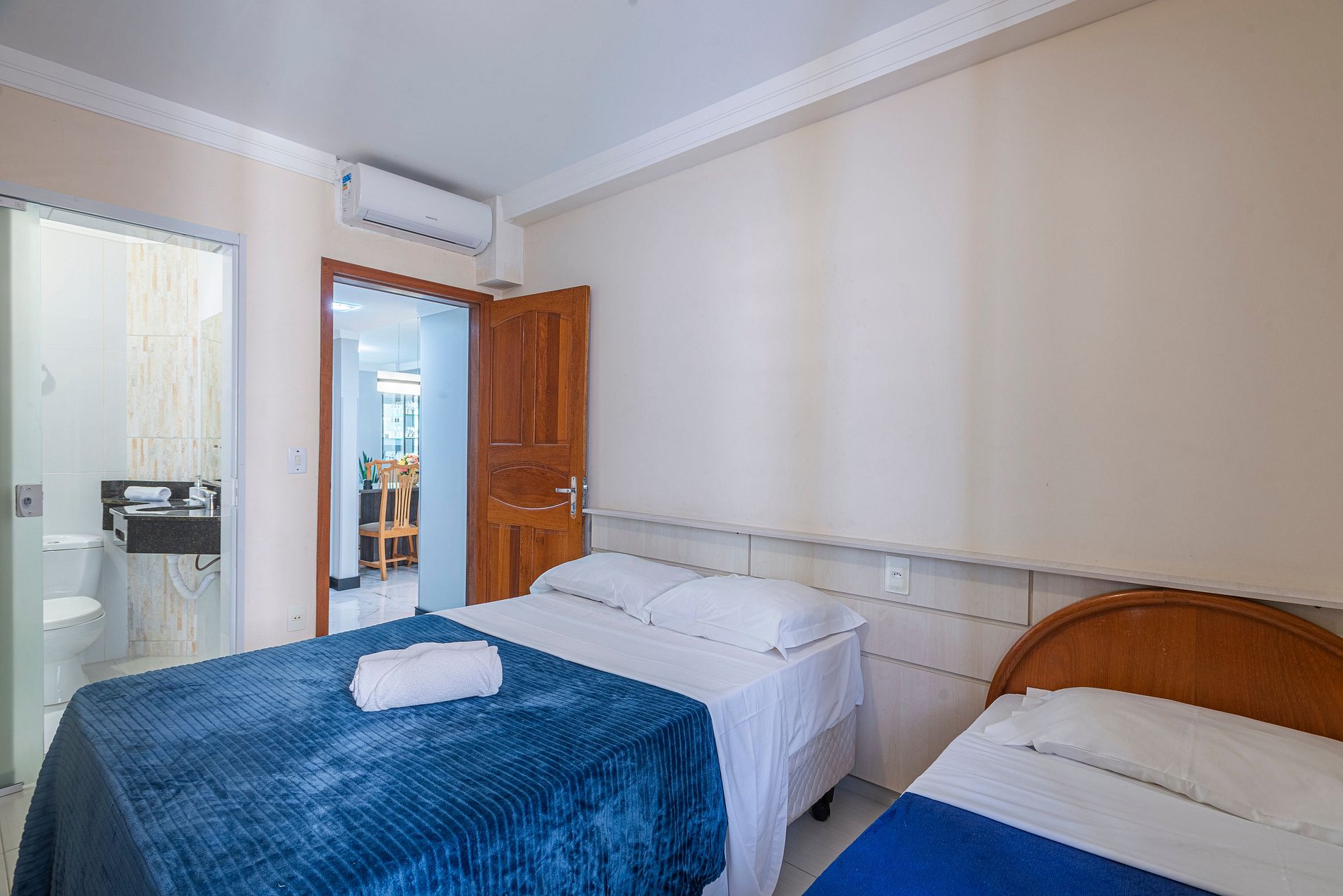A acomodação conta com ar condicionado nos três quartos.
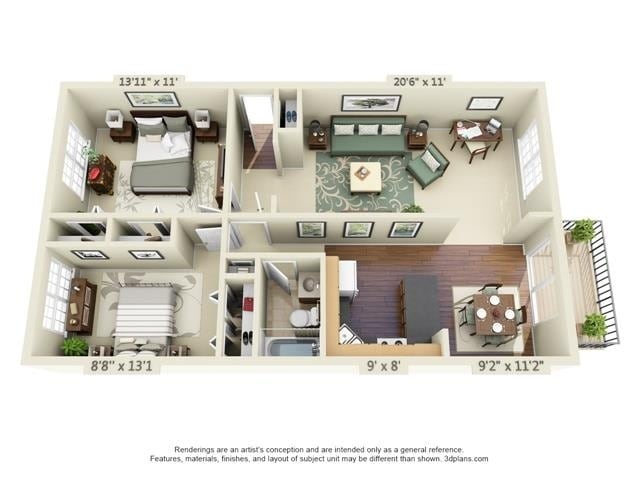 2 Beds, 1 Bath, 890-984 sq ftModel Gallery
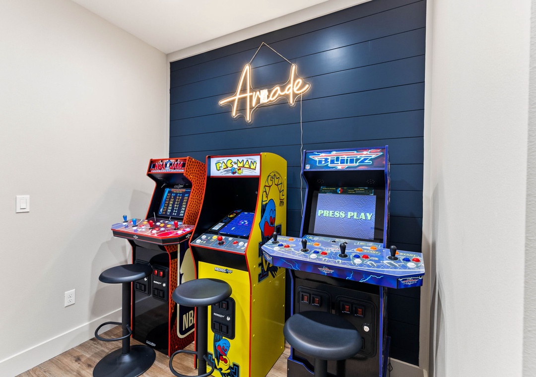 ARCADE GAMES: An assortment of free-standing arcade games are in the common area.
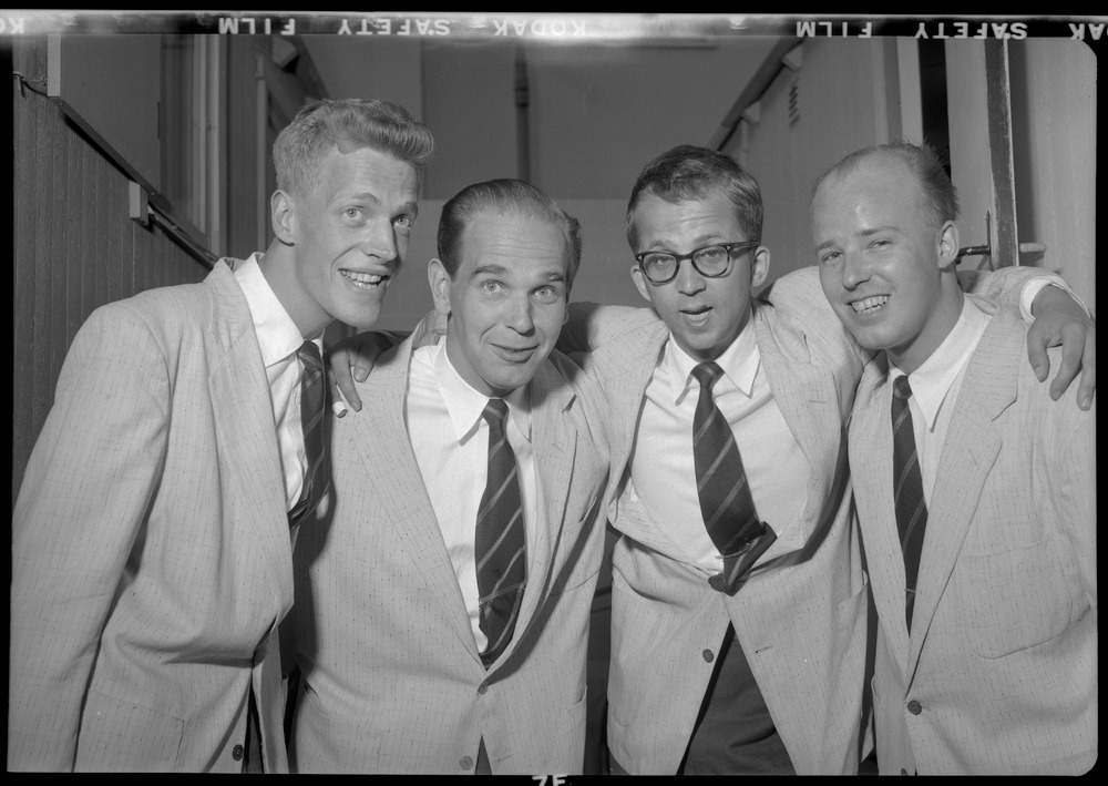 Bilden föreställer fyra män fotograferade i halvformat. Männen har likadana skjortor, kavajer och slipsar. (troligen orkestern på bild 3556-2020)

[WHAT IS NEEDED] What you return should be the exact lines from the one containing "ARCADE GAMES: An" through the end of the listing above, both included, minus any pictures.

[REPLY TO THE EXERCISE]
 ARCADE GAMES: An assortment of free-standing arcade games are in the common area.
 Bilden föreställer fyra män fotograferade i halvformat. Männen har likadana skjortor, kavajer och slipsar. (troligen orkestern på bild 3556-2020)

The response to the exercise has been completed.